◆ **DIRECTIONS FOR THIS TASK**
Could you write out, exactly, every line from the top of the data through the line holding "- 🎉【Package Content】: You"? Omit the pictures.

• • • •

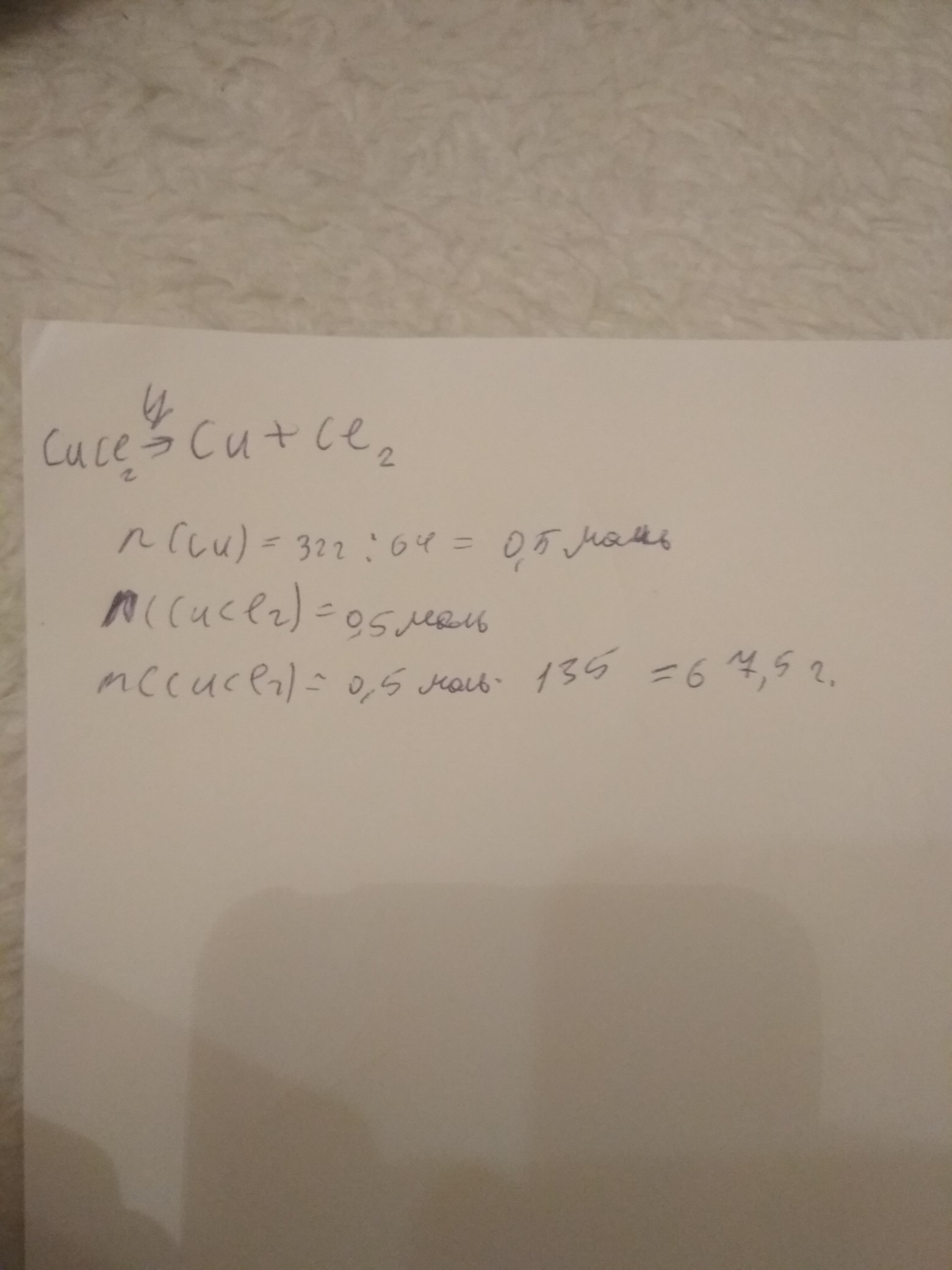 Какая масса хлорида меди содержалась в растворе, если в результате электролиза образовалось 32 г меди?
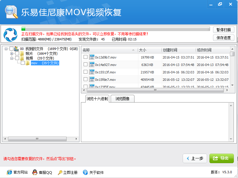第三步、浏览找到的MOV文件,根据需要勾选文件,点击"导出"按钮。
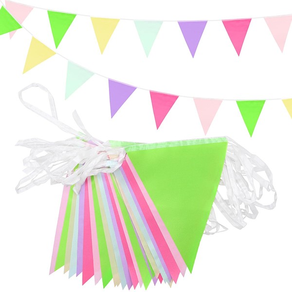 - 🎉【Package Content】: You will receive 2 Bunting Banners, about 20m in length, consisting of 52 pennants in multiple colors, each flag is about 16*22cm, suitable for In many decorative occasions, it will add color to your party and enhance the atmosphere of the party.
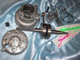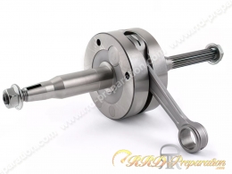 Crankshaft for scooter MINARELLI horizontal air or liquid engine. Special long stroke 44mm (against 39.20mm for the origin), rod length 85mm (against 80mm for the origin) and axis of diameter 12mm (against 10mm for the origin), it can only be installed with a kit provided for this purpose like the SIMONINI racing booster Ø47.6mm special long race.
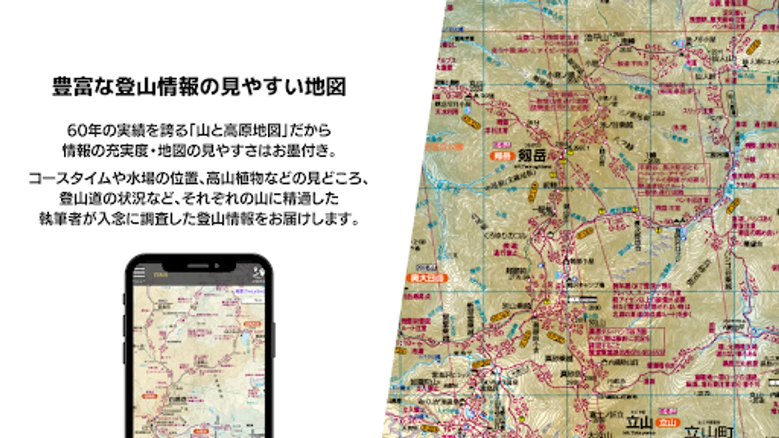 The "Mountain and Plateau Map" boasts a track record of over 50 years, so the ease of viewing the map is No. 1!
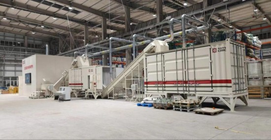 該移動(dòng)工廠大小與標(biāo)準(zhǔn)集裝箱差不多,可直接進(jìn)駐風(fēng)場(chǎng)或葉片貯存地,通過(guò)“分散式預(yù)處理+集中式深度加工”的雙模式運(yùn)作,突破傳統(tǒng)固定式處理產(chǎn)線的局限,極大提升規(guī)模化作業(yè)效率。
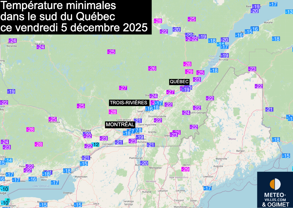Températures minimales relevées sur le Québec ce 5 décembre 2025 – Infoclimat.fr
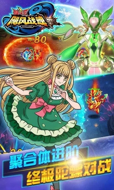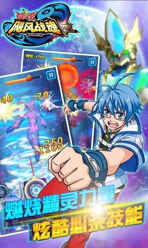 1. 日系动漫风格:以外星生物入侵地球为背景,采用竖版2D画面,日系动漫风格呈现。主角与原版人物一致,陀螺样式和战斗光效保持动漫效果,色彩浓厚,战斗热血激情,陀螺旋转特效耀眼。
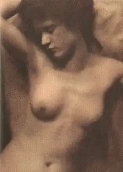 During this same year White and Stieglitz undertook an artistic experiment in which they jointly created a series of photographs of two models, Mabel Cramer and another known only as Miss Thompson.[28] Stieglitz offered suggestions about posing the models, White focused the camera, and one or the other of them would snap the shutter. White also developed the negatives and printed the photographs. One of the intentions of the experiment was to try a variety of printing techniques and papers, including platinum, gelatin silver and gum bichromate prints. On a few signed of the prints they signed with a monogram that combined both of their initials. During this collaboration, White learned the Autochrome color process from Stieglitz, who had just returned from Europe with this technical knowledge. White and Stieglitz jointly created at least one Autochrome during this time, which they exhibited later in the year.[29]

• • • •

◆ **EXPECTED OUTPUT**
 Какая масса хлорида меди содержалась в растворе, если в результате электролиза образовалось 32 г меди?
第三步、浏览找到的MOV文件,根据需要勾选文件,点击"导出"按钮。
 - 🎉【Package Content】: You will receive 2 Bunting Banners, about 20m in length, consisting of 52 pennants in multiple colors, each flag is about 16*22cm, suitable for In many decorative occasions, it will add color to your party and enhance the atmosphere of the party.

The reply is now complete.